Germany’s Merck last year appointed 30-year-old James Kugler as its first chief digital officer, with a degree in biomedical engineering and a tech background. Boehringer Ingelheim, Europe’s biggest private drugmaker, hired Simone Menne as chief financial officer from airline Lufthansa. She is in charge of a new digital “lab”, recruiting data specialists and software developers.

Mr Sohn, whose role at Novartis includes overseeing venture capital investments in technology companies — a growing trend in Big Pharma — says that working alongside highly qualified scientists, he “typically feels like the dumbest person in any meeting”. However, he and other external recruits have brought mindsets that are helping the group evolve from a pure science company into “a data [and] technology company”, he adds.According to Steven Baert, head of human resources, Novartis is starting to reap considerable benefits from digital investments, particularly in the speed and efficiency with which it can test medicines. 

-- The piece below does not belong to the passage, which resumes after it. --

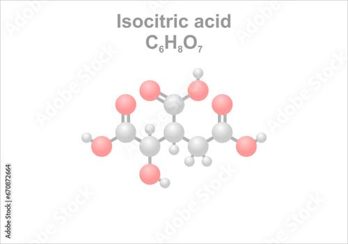 Simplified scheme of the isocitric acid molecule. Occurs in fruit like apples or pears.

He says: “We’re already seeing how real-time data capture can help analyse patient populations and demographics, to make it easier to recruit patients for clinical trials, and how real-time data-capture devices, like connected sensors and patient engagement apps, are helping to create remote clinical trials that aren’t site-dependent.”In the past five years, these changes have been visible in Novartis’s workforce.

While staffing overall has risen by just over 20 per cent, the salesforce — the traditional bedrock of pharma companies, and their combined $1tn in global revenues — has increased by just 13 per cent. At the same time the number employed in “market access” — negotiating prices with payers, whether governments or insurers — has risen up to five times faster than the average growth rate and now stands at 1,100. 

Novartis employs more than 1,200 dual-qualified mathematicians and engineers to analyse big data sets and calculate the value of new drugs — for instance, their potential to reduce hospitalisations and so cut costs. As recently as six years ago, not a single one was on the payroll. Behind these changes lie two key shifts. The first is the determination of cash-constrained global health systems to secure better value from the drugs they buy.

The second is the advance of digital technology, which is increasingly playing a role in how patients manage their conditions and companies communicate the benefits of their medicines to doctors. GlaxoSmithKline, for example, employs more than 50 people to run webinars with physicians — a “multichannel media team” that did not exist five years ago.The UK drugmaker has begun hiring astrophysicists to work in research and development, keen to deploy their ability to visualise huge data sets.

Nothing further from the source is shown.